The little screen for the SC1000 kit seems like it might be a larger display than whats on the tach but have not found any good info on it yet. I'll see if anyone has posted video of them on youtube.

here's a link to a amazon seller for the SC1000 kit but it does not have a descent description, or even how long the wiring that comes with it is or where it plugs into.

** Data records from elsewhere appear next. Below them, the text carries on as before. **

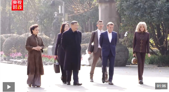 初冬的都江堰,苍山掩翠。马克龙夫妇抵达时,受到习近平和彭丽媛热情迎接。两国元首夫妇沿堰功道边走边谈。习近平介绍都江堰历史和意义,指出都江堰水利工程是全世界迄今唯一仍在使用的古代水利工程,也是人类与自然和谐共生最早的成功实践之一,修建过程充分反映了中华民族自强不息、不畏艰难、勇于开拓的精神。两国元首夫妇落座怀古亭,临水品茗,纵论天下。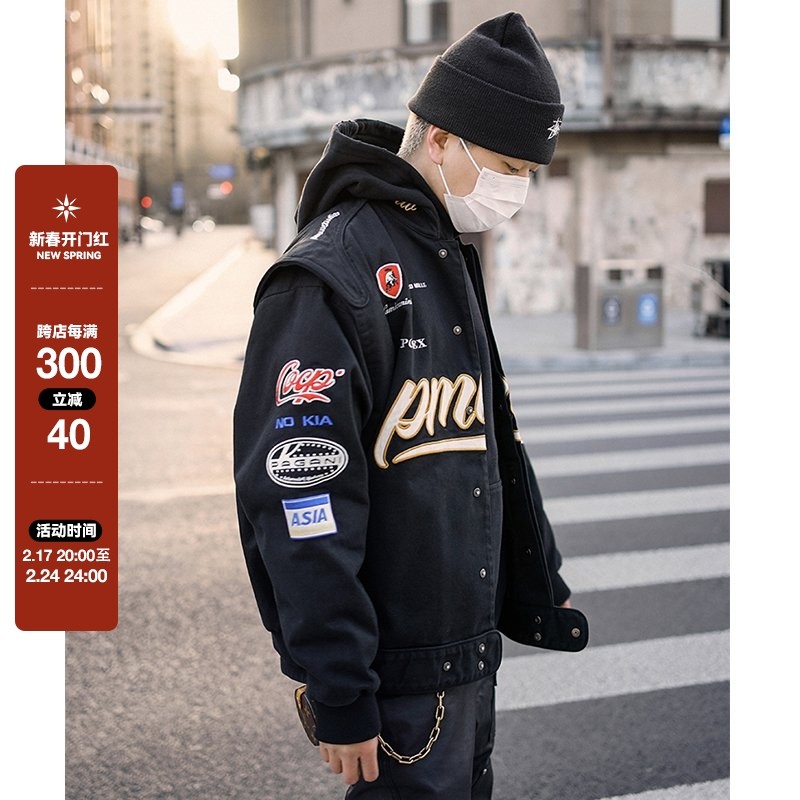 PMW 机车夹克外套男士春秋百搭刺绣赛车衣美式骑行痞帅潮牌棒球服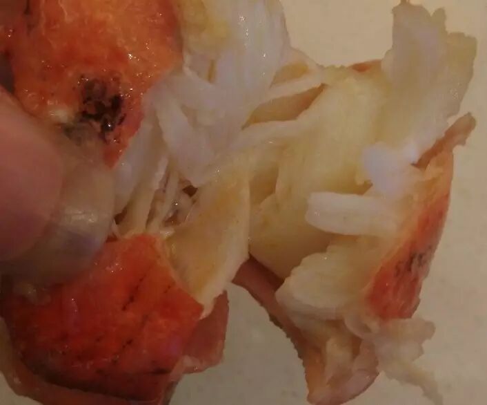黄总说,龙虾要先放尿,方法是反转按住将肚向上,用一支竹签从龙虾肚近尾部的小孔直插腹部,尿液就会自动流出。
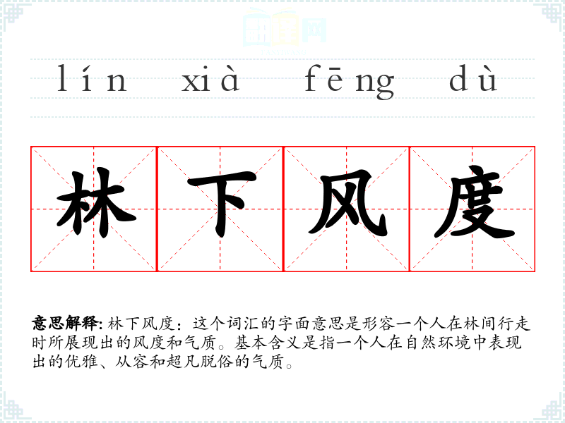 林下风度:这个词汇的字面意思是形容一个人在林间行走时所展现出的风度和气质。基本含义是指一个人在自然环境中表现出的优雅、从容和超凡脱俗的气质。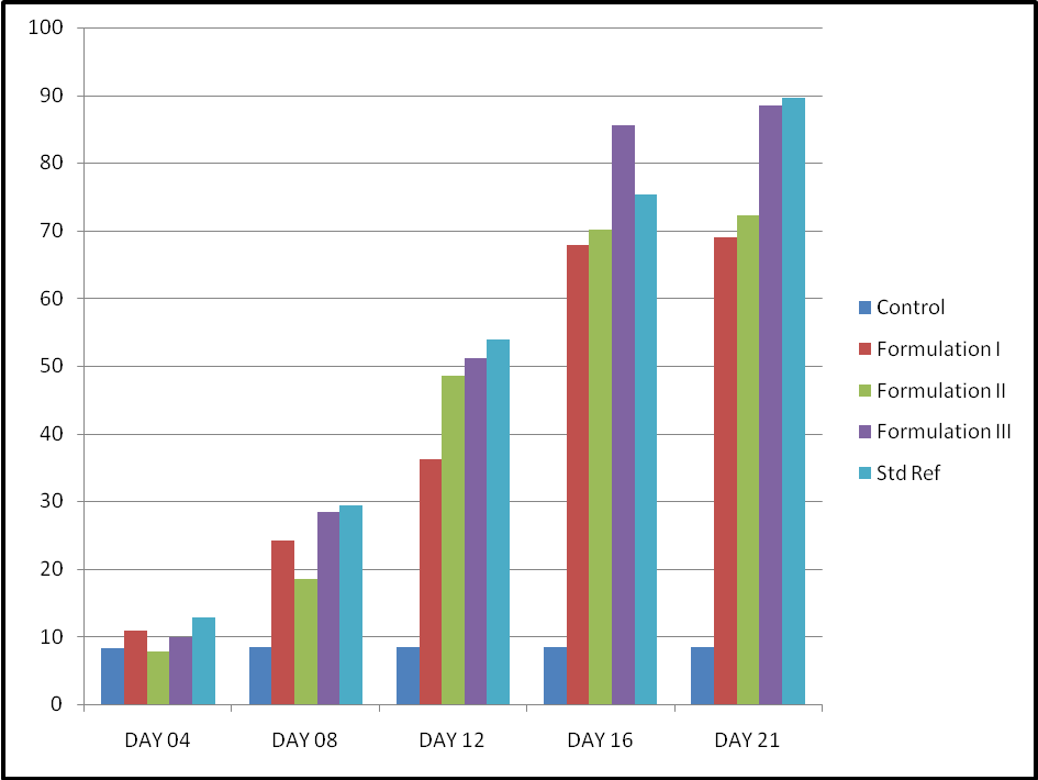 From the above remarks, it can be concluded that all the parameters of the selected herbs were within in the Pharmacopoeial limit indicates the high-quality quality of raw materials. The extract studies showed the presence of selected active constituents in significant amount. The microbiological studies indicated that the formulations possess anti-microbial activity against tested organisms. The wound contraction studies revealed that the wound contraction increases on increasing the concentration of herbal extract. The study also reveal that the better activity of polyherbal formulation may be due to the synergistic action of the plants constituents present in the formulation. Thus, the prepared topical gels possess a versatile approach in healing the wound contraction.

https://www.amazon.com/Mercury-Smar...FSP2ZKT55F9&psc=1&refRID=HF713VZZYFSP2ZKT55F9

I need to call a merc dealer or two to see if they have any displays of the smartcraft stuff or at least the factory brochures for them. At the moment I can't get a definitive answer to what the 2005 motors will display.


----------



## mro (Jan 24, 2018)

as for linking my outboard motor to my phone? Even tho the display on my google phone is pretty nice and the gps works well I just can't bring myself to do it. Only know about the phones gps because i turned that "feature" on just to see if it worked as good as my last years samsung phone did, then turned it back off  

Not that I'm paranoid (much) but I've got a piece of tape over the "selfy" camera on my phones


----------



## IRLyRiser (Feb 14, 2007)

I was thinking you we’re asking about the tach gauge one. That is different than what I have. The little LCD screen on my gauge is easy to read even with sunglasses on unless you are farther off to the side of it. Further than you normally would be driving the boat.


----------



## mro (Jan 24, 2018)

Originally I was leaning towards the tach, then the mini screen and now I'm looking at getting a Lowrance HDS gen3, which can connect to merc motors and display what ever sensors are installed. Both my fish finders and gps are a little "out of date" so an upgrade might be nice.


----------